◆ TASK PROMPT
Without including any pictures, copy every line below exactly.
** SOURCE DATA follows **
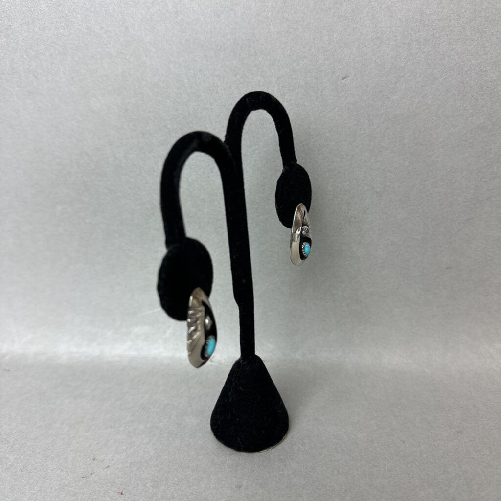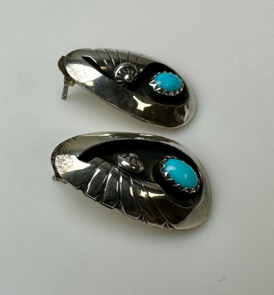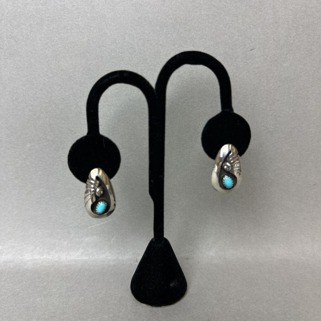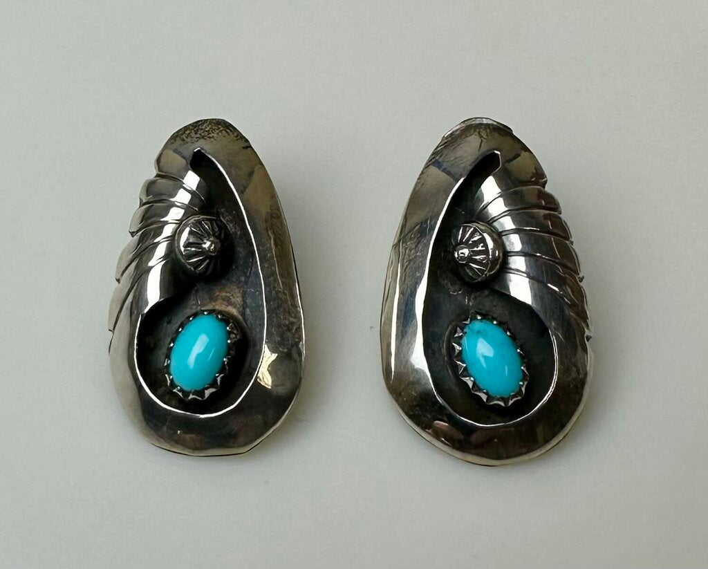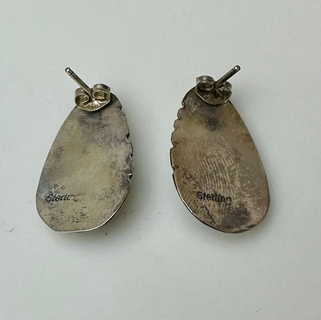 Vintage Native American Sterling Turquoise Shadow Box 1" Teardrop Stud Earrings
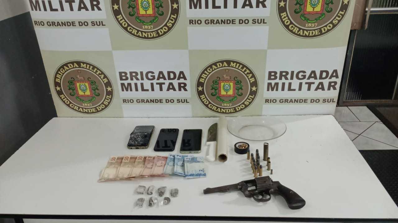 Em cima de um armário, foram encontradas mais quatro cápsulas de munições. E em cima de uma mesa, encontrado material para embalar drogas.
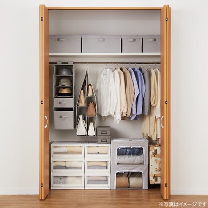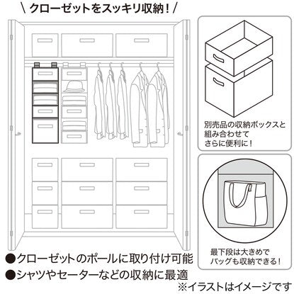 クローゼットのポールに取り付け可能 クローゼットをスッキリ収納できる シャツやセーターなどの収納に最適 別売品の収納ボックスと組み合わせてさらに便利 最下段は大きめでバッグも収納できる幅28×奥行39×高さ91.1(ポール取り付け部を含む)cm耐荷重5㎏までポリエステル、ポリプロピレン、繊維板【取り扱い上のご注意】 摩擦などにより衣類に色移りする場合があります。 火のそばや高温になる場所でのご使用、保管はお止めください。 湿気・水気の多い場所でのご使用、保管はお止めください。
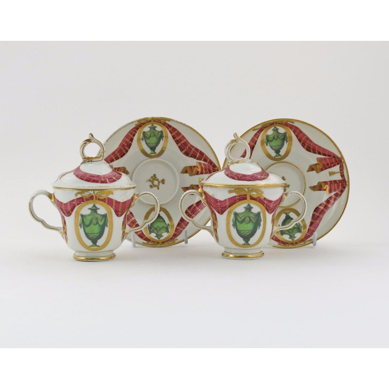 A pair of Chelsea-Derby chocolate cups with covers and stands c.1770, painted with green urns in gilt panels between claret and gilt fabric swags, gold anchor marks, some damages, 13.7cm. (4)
** End of SOURCE DATA **
◆ RESPONSE AREA
 Vintage Native American Sterling Turquoise Shadow Box 1" Teardrop Stud Earrings
 Em cima de um armário, foram encontradas mais quatro cápsulas de munições. E em cima de uma mesa, encontrado material para embalar drogas.
 クローゼットのポールに取り付け可能 クローゼットをスッキリ収納できる シャツやセーターなどの収納に最適 別売品の収納ボックスと組み合わせてさらに便利 最下段は大きめでバッグも収納できる幅28×奥行39×高さ91.1(ポール取り付け部を含む)cm耐荷重5㎏までポリエステル、ポリプロピレン、繊維板【取り扱い上のご注意】 摩擦などにより衣類に色移りする場合があります。 火のそばや高温になる場所でのご使用、保管はお止めください。 湿気・水気の多い場所でのご使用、保管はお止めください。
 A pair of Chelsea-Derby chocolate cups with covers and stands c.1770, painted with green urns in gilt panels between claret and gilt fabric swags, gold anchor marks, some damages, 13.7cm. (4)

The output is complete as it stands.